PJHR Affiliate on Asheville Radio: Human Rights in Belarus

Monday, Apr 05, 2021

 

The United States has not recognized Alexander Lukashenka's victory in the August 2020 presidential elections in Belarus. Neither has the Belarusian nation, which responded with mass peaceful protests that swept the entire county. In return, Lukashenka launched a genocidal campaign with more than 35,000 unlawful arrests, unprecedented brutality, and violence directed against his own people. 

Last week, Assistant Professor in FAU’s School of Public Administration and Faculty Affiliate of Peace, Justice and Human Rights initiative, Dr. Palina Prysmakova commented on the situation in a one-hour radio show on WPVMFM Asheville's Community Station. She shared her and her family’s personal experience, as well as the decade of research that she conducted on the country.

The citizen of Belarus, Dr. Prysmakova has been optimistic that the mass protest will lead to the government change at this time. "There is no way back", she says, and adds that the Belarusians have been already patient enough. Through the 26 years of Lukashenka presidency, they have already tried all other possible legal options to remove him. In the previous rounds of the presidential elections, the opposition offered the voters a united candidate from all the independent parties, in the hope that that person would get enough votes to counterbalance Lukashenka’s scores. On the other occasion, they registered a dozen of candidates, hoping to achieve the similar effect for their combined votes. The one before the last time, the population largely boycotted the elections and refused to show up at the election polls. 

The effect has always been the same: according to Lukashenka’s administration, who has been responsible to count the votes, the elections have been declared valid with Lukashenka winning with his 80+% majority of votes. Dr. Prysmakova questions the legitimacy of any Lukashenka’s terms, yet agrees that it would have been hard to prove as any evidence have been thoroughly destroyed. 
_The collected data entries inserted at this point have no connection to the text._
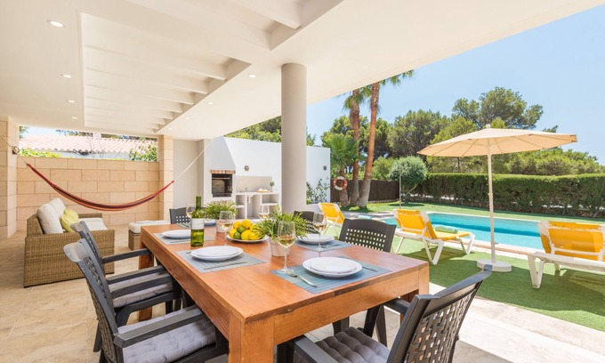 Excellent situation on the south coast, large pool of 55 m2. outdoor barbecue, large living room terrace overlooking the garden and partial sea, high quality inside, large spaces in kitchen and living rooms, free WIFI, air conditioning and heating in all bedrooms. Very close to the BEACH OF BINIBECA, located at 0. 6 km. You can visit walking in less than ten minutes, or in a couple of minutes by car. And at the same distance, there is the TOURIST POPULATION OF CALA TORRET, where you will find bars and restaurants with terraces over the sea. You can also visit just two km away from the beautiful POBLADO DE PESCADORES, and if you want to spend a fun day you will find attractions just two km away from Punta Prima, in the SQUAS PARK, the last and most modern water park in the Island with numerous slides and pools. Ideal for couples and families with children.
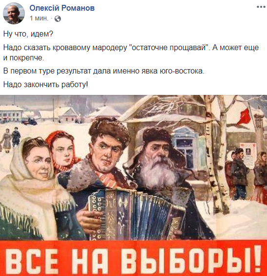 Вчера вечером он опубликовал пост, где, как и президент, призвал приходить на участок в вышиванке. И добавил тот же хештег, что использовал Порошенко - #голосуюзаУкраїну.
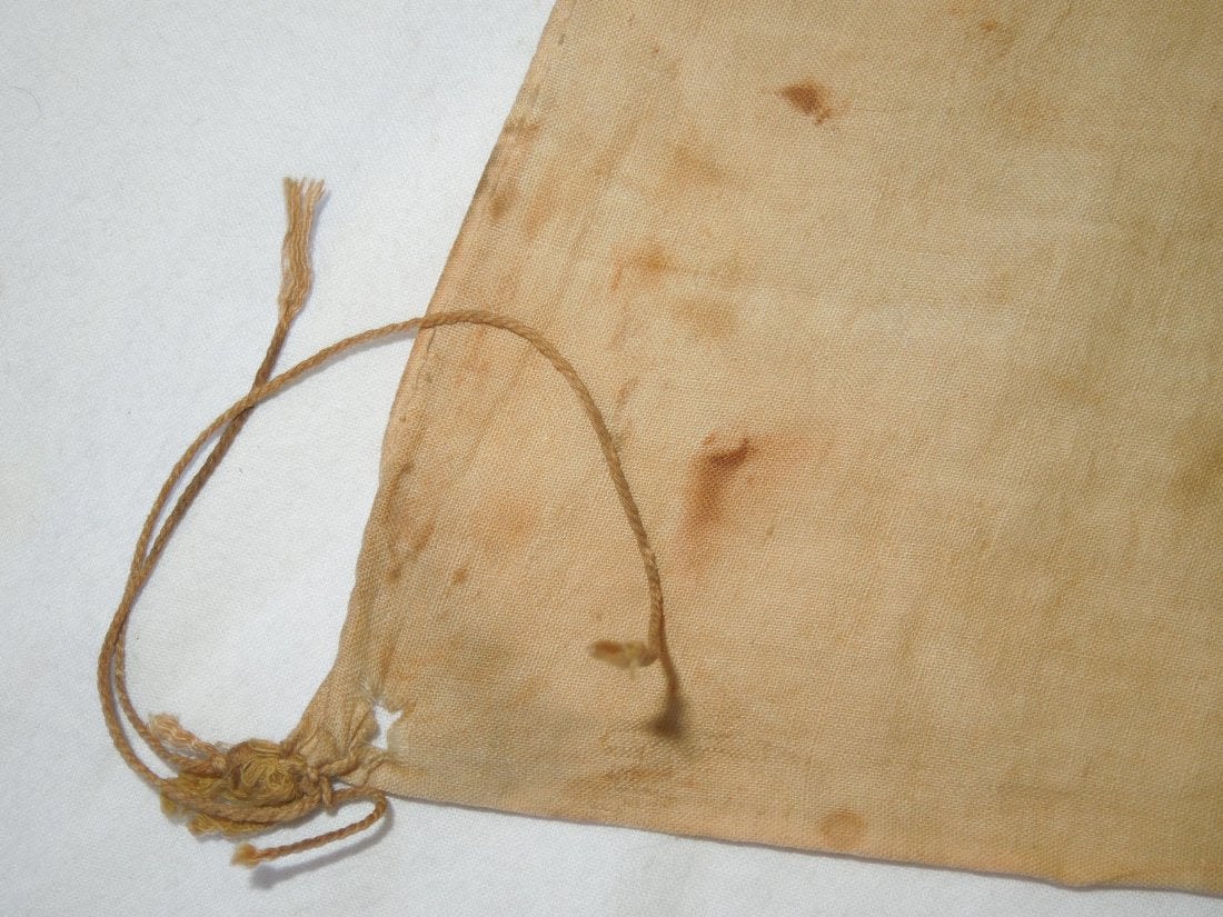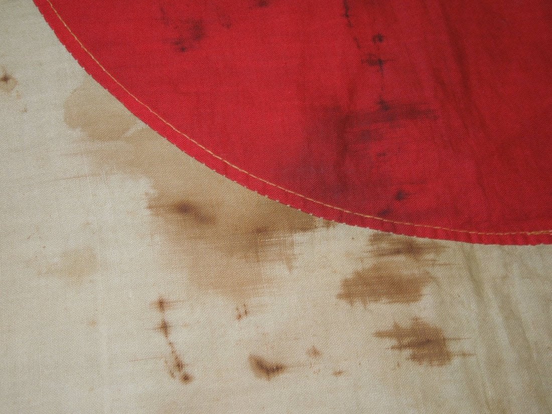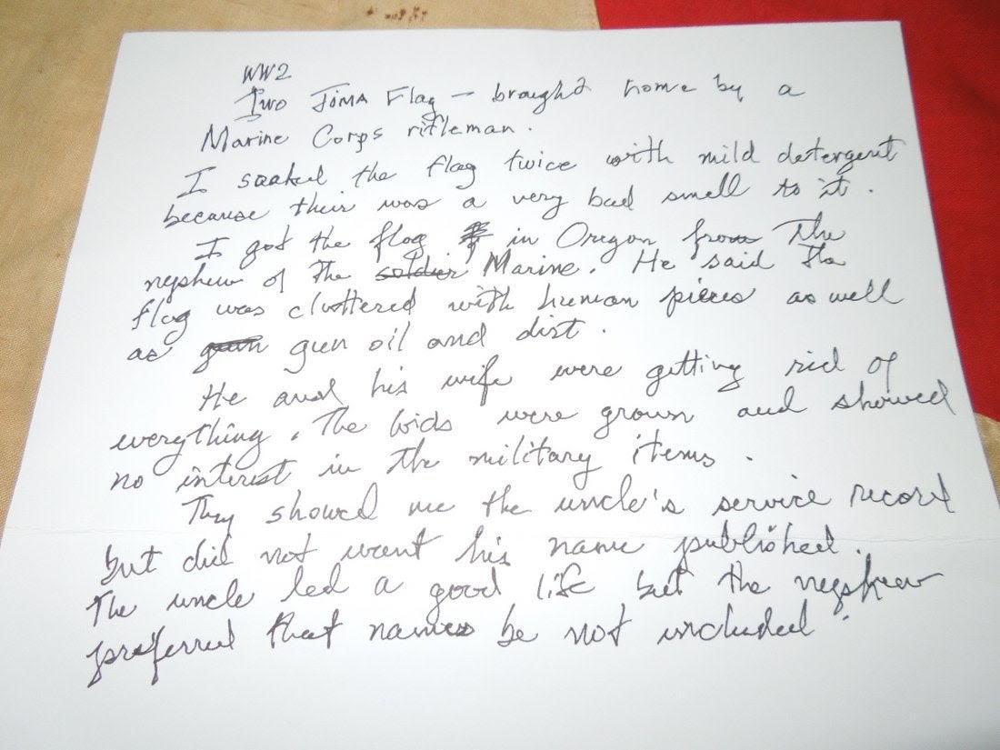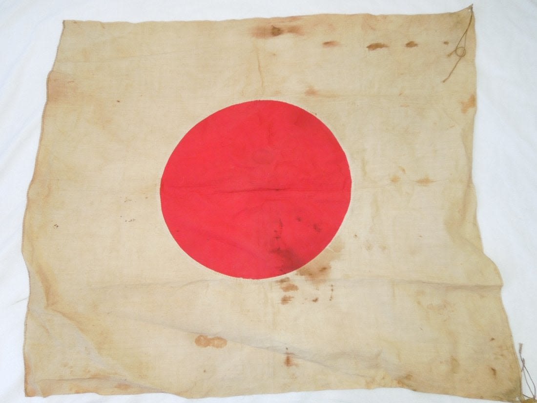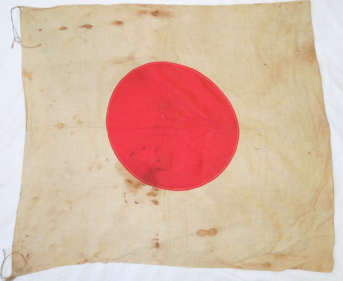 Original cloth WWII Japanese military flag measuring approximately 30.5 x 26.5 inches. Consignor included a card noting that he obtained it from an unnamed USMC vet who picked this up in very soiled condition at the Battle of Iwo Jima.
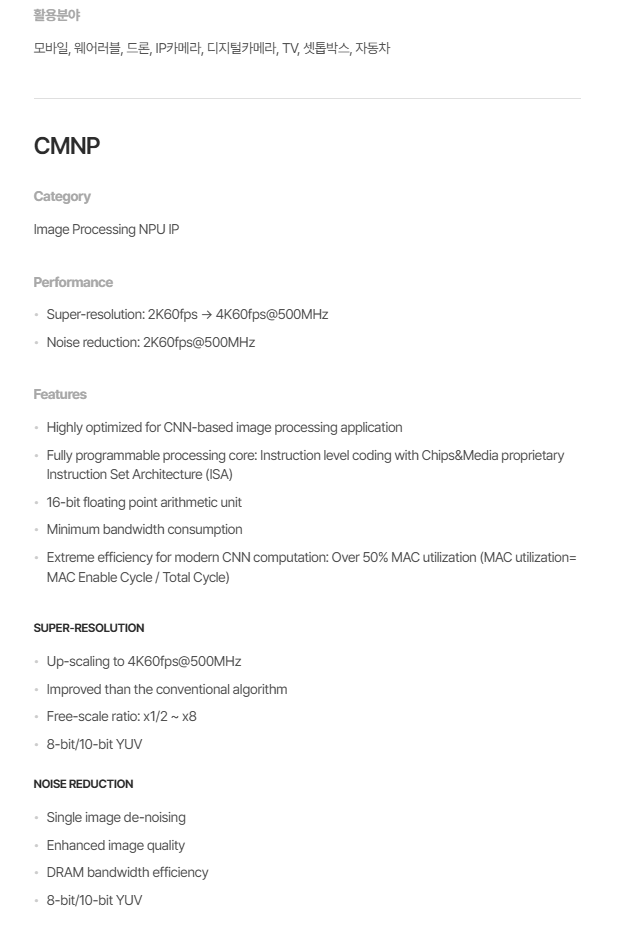- AI 반도체 시장 진출: 2023년 AI 반도체용 NPU IP 'CMNP'를 개발하여 AI 칩 시장에 진출했으며, 스마트폰, 자동차, 드론, CCTV 등 다양한 분야에 적용 가능함.
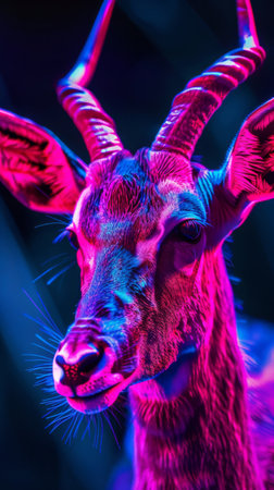 Leopard in neon red and blue lighting, dramatic and vibrant closeup
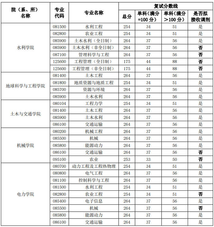 依据“2020 年全国硕士研究生招生考试考生进入复试的初试成绩基本要求”和华北水利水电大学设定的学科门类统考科目单科最低要求,结合各招生院系生源和计划等情况,划定各学科专业复试分数线。现予公布。
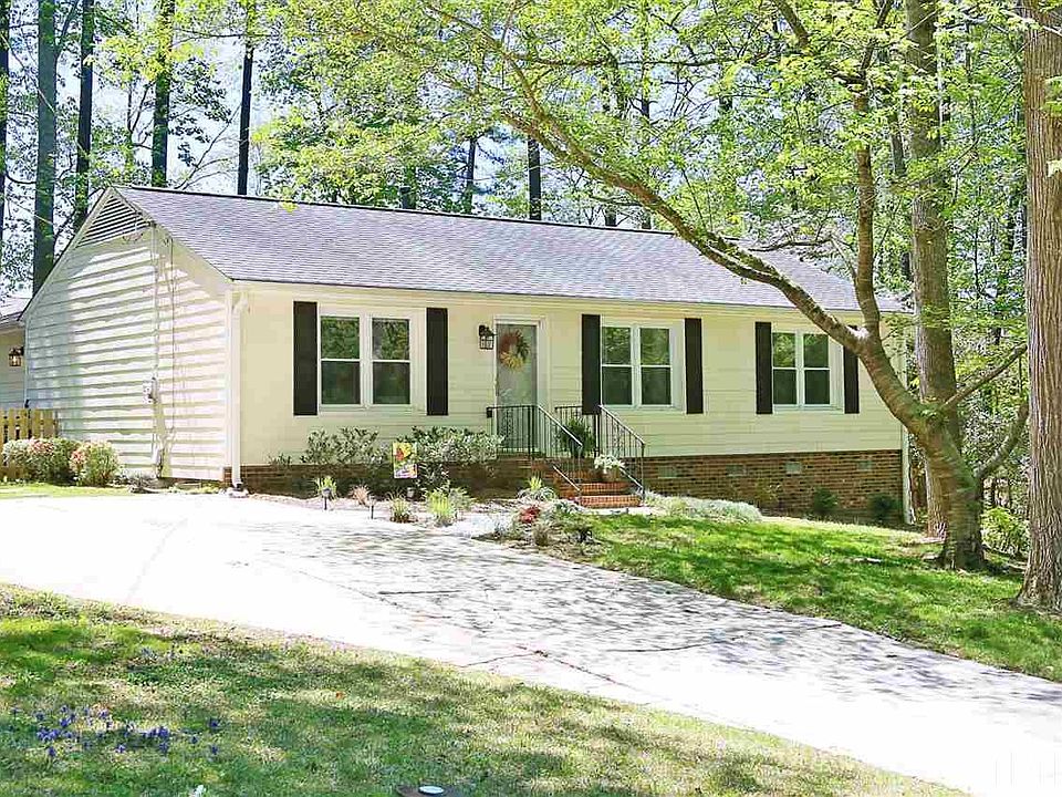 This is the Home you have been looking for! Very well taken care of 1 level living, with NO HOA, Walking distance to Charming downtown Wake Forest, over half an acre wooded lot at the end of the cul-de-sac. Open light floor plan with 3 bedrooms. 1.5 baths. Granite counter tops, wood floors, new carpet, skylights, recessed lights. fenced in back yard for the dogs or the kids, back and side decks, shed for the lawn mower. Do not let this Gem get away!
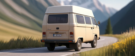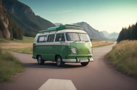 Illustration of a green camper van on a road with beautiful mountain backdrops.generative AI
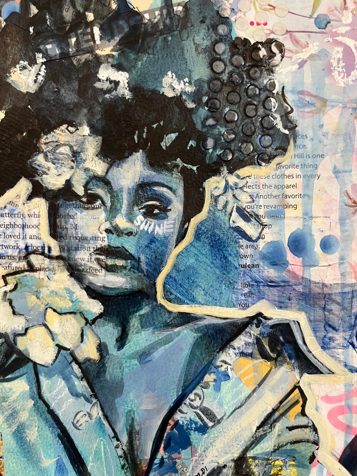 I'm drawn to expressive figures and symbolic objects that speak to worth, resilience, and the courage to live authentically, oftentimes featuring a small affirmation located inside the painting.
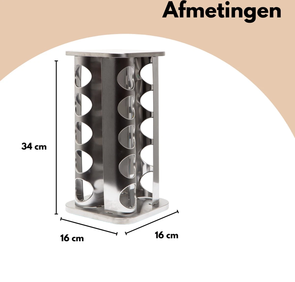 Iedereen wil toch alle kruiden binnen handbereik hebben? Of het goed georganiseerd hebben met de kruiden en specerijen. Met de kruidencarrousel van Pazzo Goods moet dat zeker lukken. Het draaibare kruidenrek in roestvrijstaal biedt ruimte voor 20 verschillende kruiden en specerijen. Alles overzichtelijk bij elkaar.
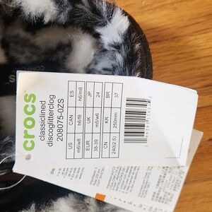 NWT Crocs Black and White Disco Glitter Fuzzy Clogs M6/W8
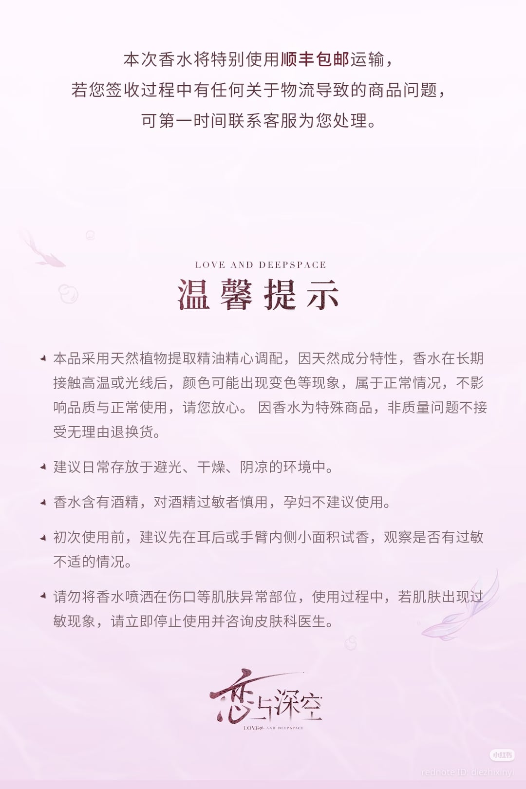 ※こちらの香水はSFエクスプレスでの発送となります。受け取り時に物流に関する製品の問題が発生した場合は、直ちにカスタマーサービスにご連絡ください。

August 2020 elections were followed by the similar official annoucement, yet also by a mass protests that gathered more than 300,000 people on the streets.  Have been closely studying Belarusian population for the last decade, Dr. Prysmakova sees a generation change as the main reason behind the mass character of the current protests. Most of the today’s Belarusians are not willing to exchange their personal comfort for the unlimited rights given to the president. 

The life in the 1990s was very tough, and Lukashenka have been using the rhetoric of him being a warrant for not going back for over two decades. Yet, the people born in the late 1980s and 1990s remember the roughness of those times only vaguely. It was the time of their childhood be that as it may. What they do remember, however, that they have never seen any other head of the country than Lukashenka. 

The youth has been systematically denied the freedoms of speech and self-expression, yet they understood well the bluff behind the official entertainment offered by the government, let it be the public TV or the pompous celebrations of the official holidays. Resisting participation, they hid themselves by the computer monitors. No wonder, that today, they have a lot of IT-skills including those that played important role in the current protests: with or without formal engineering education, in the virtual space, the Belarusians can create anything from neighborhood chats to sophisticated platforms to collect donations for the victims of the regime.

In her interview, Dr. Prysmakova also answered the questions about why we do not see many Belarusian restaurants around, why Belarusian tourism did not suffer from the COVID, what it takes to be arrested for administrative violation, and why Lukashenka offers the American nation his help to resolve its internal problems.